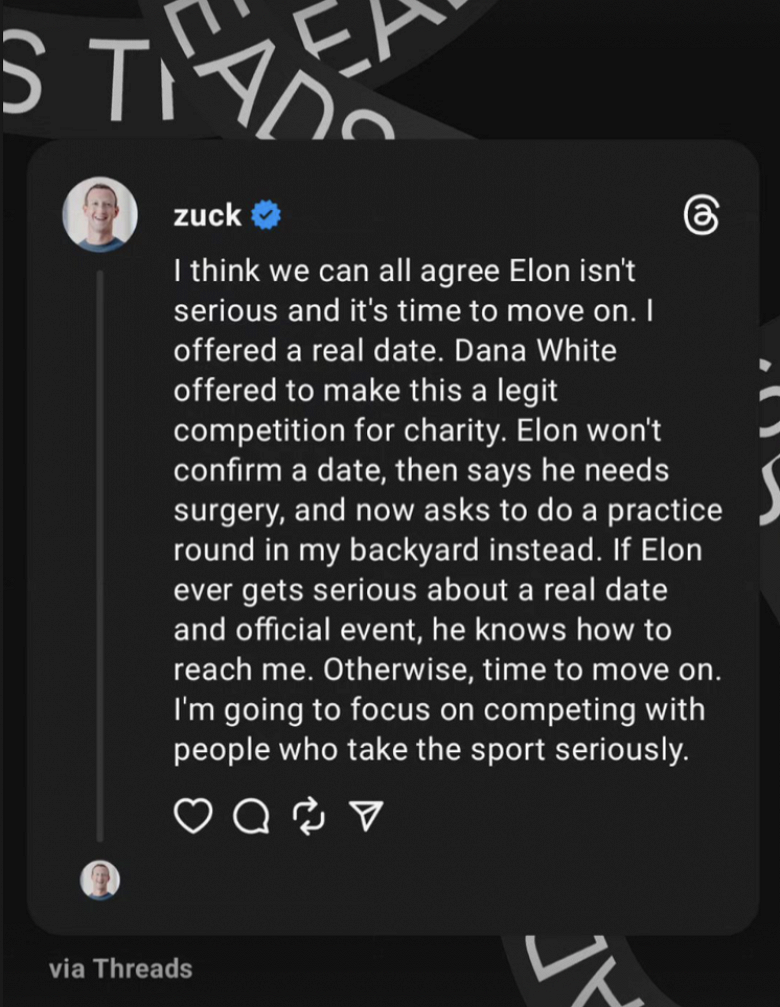 "Я запропонував справжній бій. [Президент UFC] Дана Уайт запропонував зробити це офіційним благодійним змаганням. Ілон не підтвердив дату [бою], потім заявив, що йому потрібна операція, а тепер просить провести тренування на моєму задньому дворі", - сказано у пості. Цукерберг.
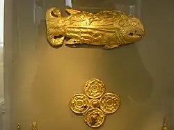 - an electrum plaque (41 x 15 cm, 608 g) in the shape of a fish,[1] which probably dates to the end of the 6th century BC. According to Furtwängler, it was originally an ornament (sema) on a shield. The body of the fish is covered by little animals in relief, including a panther catching a boar, and a lion catching a deer, and the tail is made up of two rams' heads. It is believed to have been made by the artisans of an Ionian colony on the northern coast of the Black Sea, such as Olbia or Panticapaeum, to cater to the tastes of a Scythian prince.
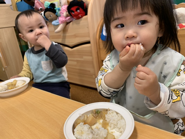 日々の給食やおやつの中で、食材・料理への興味を少しでも持つことができるようその日の献立や季節の食材など伝えるようにしています。少しでも食への興味が沸き、食べれるものが増えるといいなと思います。
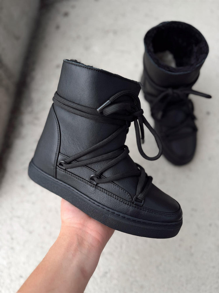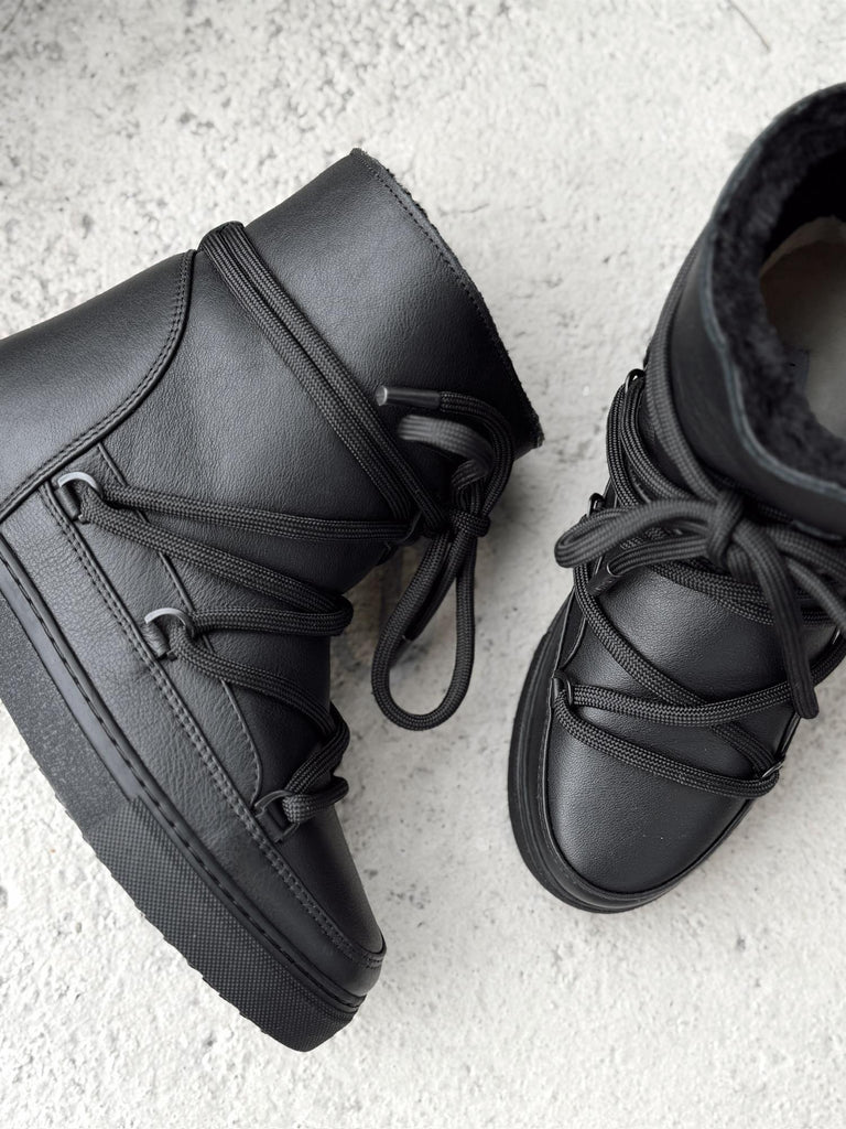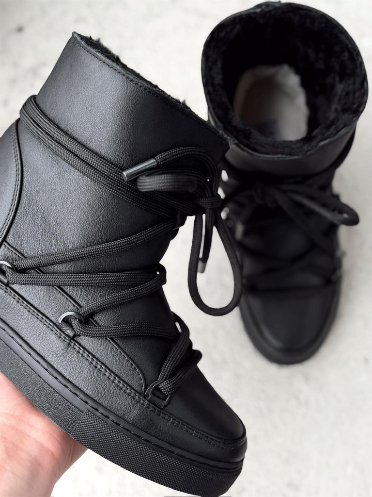 Funksjonalitet og tidløs stil smelter sammen i Classic Wedge Leather fra INUIKII! Denne varianten er laget i glatt, sort skinn som gir et sofistikert og minimalistisk uttrykk, perfekt både til hverdags og mer pyntede anledninger. Den ikoniske kilemodellen på 4 cm gir en komfortabel løft, samtidig som den holder føttene varme hele vinteren. En ekte klassiker som kombinerer mote, kvalitet og funksjonalitet – designet for å vare i mange sesonger.
··········
- **What is needed**: Lines from the one with "日々の給食やおやつの中で、食" through the final line of the listing above: copy them exactly, both ends included, and omit every picture.

- **Completed exercise**:
 日々の給食やおやつの中で、食材・料理への興味を少しでも持つことができるようその日の献立や季節の食材など伝えるようにしています。少しでも食への興味が沸き、食べれるものが増えるといいなと思います。
 Funksjonalitet og tidløs stil smelter sammen i Classic Wedge Leather fra INUIKII! Denne varianten er laget i glatt, sort skinn som gir et sofistikert og minimalistisk uttrykk, perfekt både til hverdags og mer pyntede anledninger. Den ikoniske kilemodellen på 4 cm gir en komfortabel løft, samtidig som den holder føttene varme hele vinteren. En ekte klassiker som kombinerer mote, kvalitet og funksjonalitet – designet for å vare i mange sesonger.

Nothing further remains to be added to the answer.